Each supporting detection mechanism comprises an omnidirectional wheel 1, an incremental sensor 3, a wheel frame 2 (U-shaped frame), a support rod 5 and a support seat 6, and the support seat 6 passes through a position-adjustable radial sliding pair 8 (slide rail and chute) is installed on the base 7 and locked, the support rod 5 (a threaded rod with adjustable length) is placed obliquely above the base 7, and the bottom of the support rod 5 is installed on the support seat 6, The wheel frame 2 is installed on the top of the support rod 5, the omnidirectional wheel 1 is installed in the wheel frame 2 through a rotating assembly (rotating shaft and bearing), and the incremental sensor 3 is connected to the omnidirectional wheel outside the wheel frame 2. 1 Coaxial installation, as shown in Figure 1 and Figure 2.

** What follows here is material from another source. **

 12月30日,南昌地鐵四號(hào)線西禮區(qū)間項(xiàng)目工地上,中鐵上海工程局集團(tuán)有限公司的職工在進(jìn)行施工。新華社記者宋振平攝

The radial adjustment positions of the support base 6 are the same, the angles and lengths of the support rods 5 are adjusted the same, and the three support directions of the three support rods 5 intersect obliquely upwards at one point, thereby placing the omnidirectional wheel 1 on the circumference above the base 7. Evenly distributed, the axes of the three omnidirectional wheels 1 are perpendicular to each other and the extension lines of the three axes of the three omnidirectional wheels 1 intersect obliquely downward at a point, and the intersection point is on the center line of the base 7, as shown in Figure 1 shown.

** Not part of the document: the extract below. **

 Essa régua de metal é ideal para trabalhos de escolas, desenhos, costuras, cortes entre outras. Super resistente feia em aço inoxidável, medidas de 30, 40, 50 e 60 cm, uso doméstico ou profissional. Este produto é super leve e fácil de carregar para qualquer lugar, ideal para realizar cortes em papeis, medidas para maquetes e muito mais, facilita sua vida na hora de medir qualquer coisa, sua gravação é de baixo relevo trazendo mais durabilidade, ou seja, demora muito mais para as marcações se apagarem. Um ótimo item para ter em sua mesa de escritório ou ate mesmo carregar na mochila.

The structure of the omnidirectional wheel 1 includes two coaxial support wheels 1-1 of the same size, and the circumference of the wheel surface of each support wheel 1-1 is evenly distributed with short rollers 1-2 that can rotate laterally. The bottom of the outer ball of 4 is supported by short rollers 1-2 on three omnidirectional wheels 1 (six support wheels 1-1), and the freely rotatable support wheels 1-1 and short rollers 1-2 can realize spherical robot 4 The omnidirectional rotation of the outer ball is as shown in Figure 2.

The mode of operation of the present invention is:

1. According to the diameter of the outer ball of the spherical robot 4, adjust the height of the three omnidirectional wheels 1 and the diameter of their circumference.

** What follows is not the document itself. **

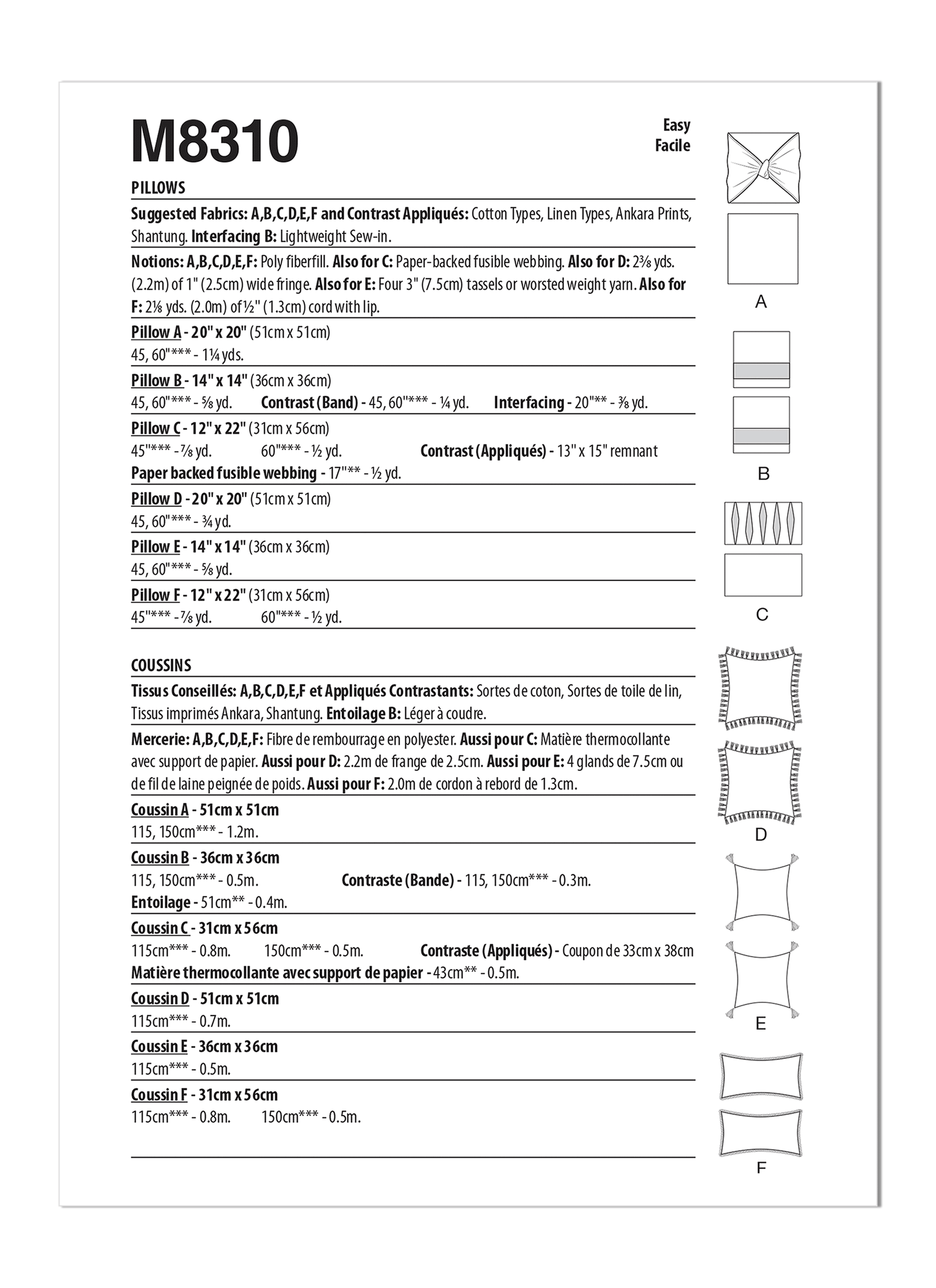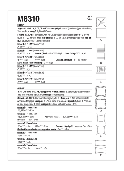 Easy pillows come in three sizes, perfect for bold prints. Large square pillow has knotted overlay; small square and lumbar pillow have contrast band or geometric appliques. Shaped pillows are accented with tassel fringe, handmade or purchased tassels and corded edge.

2. The spherical robot 4 is placed on three omnidirectional wheels 1, and the bottom of the outer ball of the spherical robot 4 is located on the short roller 1-2 of the omnidirectional wheel 1.

3, start the spherical robot 4, the outer ball of the spherical robot 4 rotates in all directions and simultaneously drives each omnidirectional wheel 1 to rotate, and the motion parameters (rotation direction, rotation angle and rotational speed) of the outer ball are determined by the Incremental sensor 3 collects, thereby detects the state of spherical robot 4 external ball motions.

Claims (4)

1. spherical robot outer ball motion testing device, it is characterized in that: comprise three support detection mechanisms, each support detection mechanism comprises omnidirectional wheel (1), and described omnidirectional wheel (1) is installed on by wheel frame (2) On the support frame, incremental sensors (3) are installed coaxially with each omnidirectional wheel (1), the axes of the three omnidirectional wheels (1) are orthogonal to each other and the extension lines of the three axes intersect obliquely downward One point; three omnidirectional wheels (1) form a rolling support to the bottom of the spherical robot (4) outer ball. 2. spherical robot outer ball motion testing device according to claim 1, is characterized in that: described support frame comprises support rod (5) and support seat (6), and described wheel frame (2) is installed on support rod ( 5) Top, the bottom of the support rods (5) is installed on the support seat (6), and the three support directions of the three support rods (5) intersect at one point obliquely upward. 3. The spherical robot outer ball motion testing device according to claim 2, characterized in that: the support rod (5) is a threaded rod with adjustable length, and three support seats (6) surround the circular base (7) They are installed and locked on the base (7) through corresponding radial sliding pairs (8). 4. The spherical robot outer ball motion testing device according to any one of claims 1-3, characterized in that: the wheel frame (2) is a U-shaped frame.